¿Me da usted permiso?

Así es como yo caminé por la vida durante mucho tiempo. Casi pidiendo perdón por concederme ciertos permisos: por descansar, por dormir hasta tarde, por tomar la decisión de no ir a una reunión familiar…

Cuando en mi formación como Coach escuché hablar de los permisos, se me encendió una luz roja de alerta. No me daba permiso nunca. Muy pocas veces.

¿El resultado? Una gran frustración. Irritabilidad. Victimismo. Insatisfacción. Síntomas físicos.

Continúo con ese trabajo de «concederme» un descanso, decidir que sí y que no. Porque la programación que tenemos como mujeres (y como madres más aún) es lo que funciona de forma subconsciente en muchas de nuestras decisiones.

La pregunta que viene ahora es muy sencilla: ¿Qué permisos no te concedes?

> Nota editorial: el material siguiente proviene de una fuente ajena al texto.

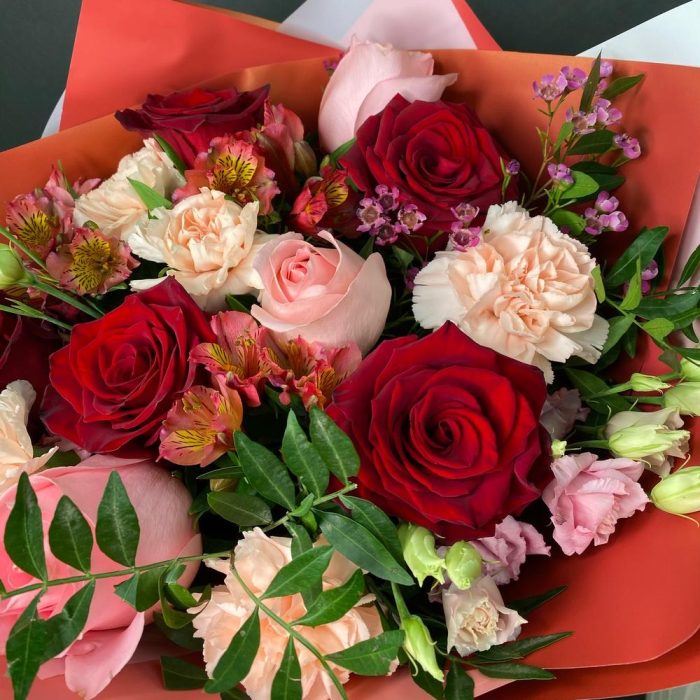Роза Эквадор – 7 шт.Диантус – 5 шт.Лизиантус – 1 шт.Альстромерия Микс Европа – 3 шт.Упаковка дизайнерская – 3 шт.Лента атласная – 1 шт.Ваксфлауэр – 1 шт.
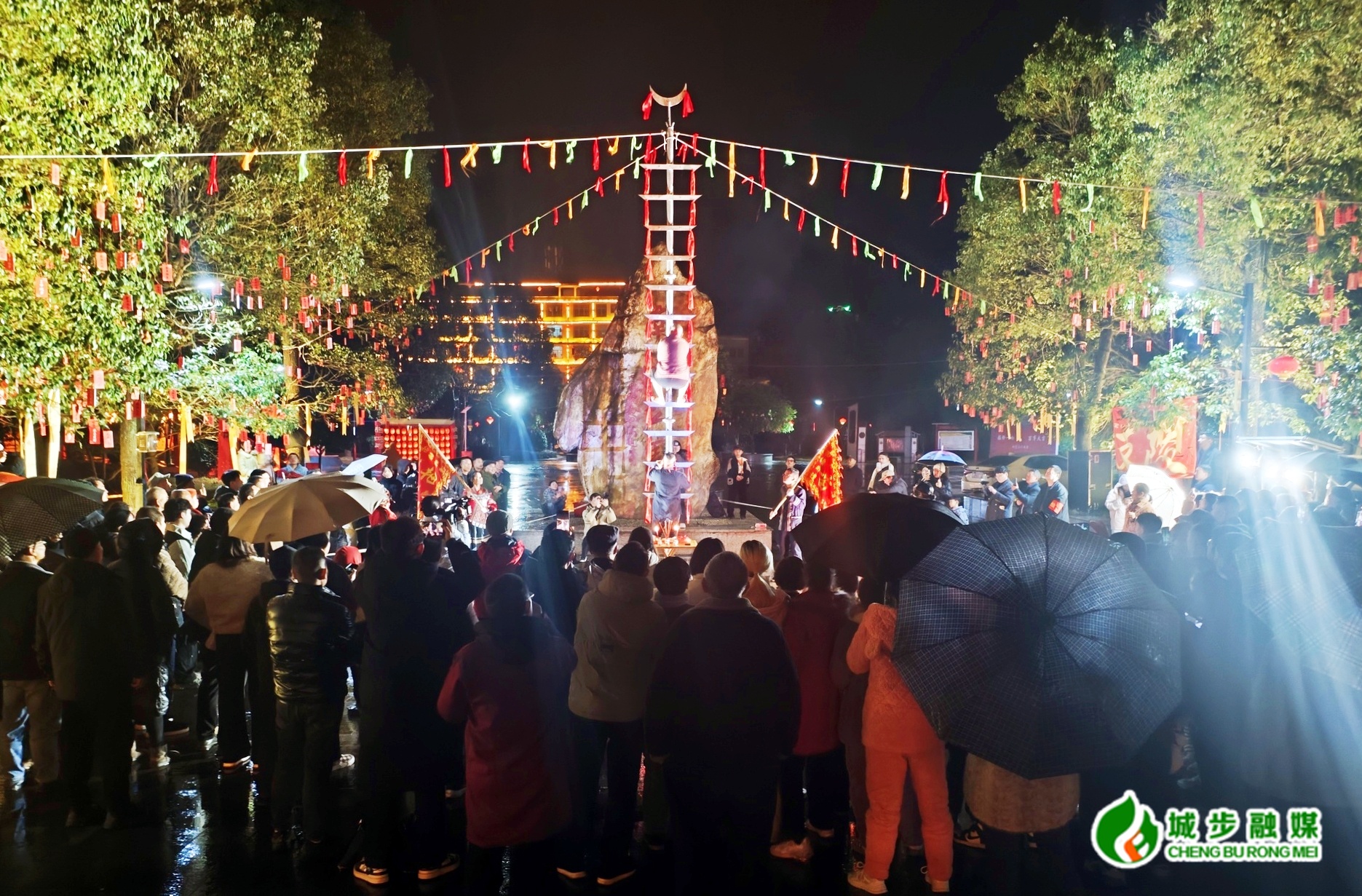 城步新闻网2月13日讯(记者 毛学军 李泽洋 见习记者 廖玲 杨芊芊)新春将至,年味正浓。2月12日晚,华灯初上,城步春节系列群众文化活动“刀火贺喜 马上赐福”民俗展演在县南湖公园举办。当地群众与归乡游子欢聚一堂,在璀璨花灯与非遗绝技的交融中,共迎新春,沉浸式感受苗乡巫傩文化的独特魅力,也为即将到来的马年新春增添了浓厚的喜庆氛围。

Y la propuesta (la que te va a ayudar a salir de tu bloqueo en ese asunto) también lo es: escoge UN permiso que te vas a conceder esta semana. Apúntalo en la Agenda. Día, hora. Y luego evalúa cómo te sientes al llevarlo a cabo. También reflexiona qué es lo que piensas, si te sientes cómoda. O fuera de lugar. Como si estuvieras haciendo algo malo. Siendo egoísta. Siendo mala madre. Mala pareja. Mala amiga. Mala hija.

Si te sientes mal al darte permiso, sigue trabajando en ello. Porque la cuestión es que te lo mereces. Mereces cuidarte y ser cuidada.  Para que puedas tener buena energía. Suficiente energía.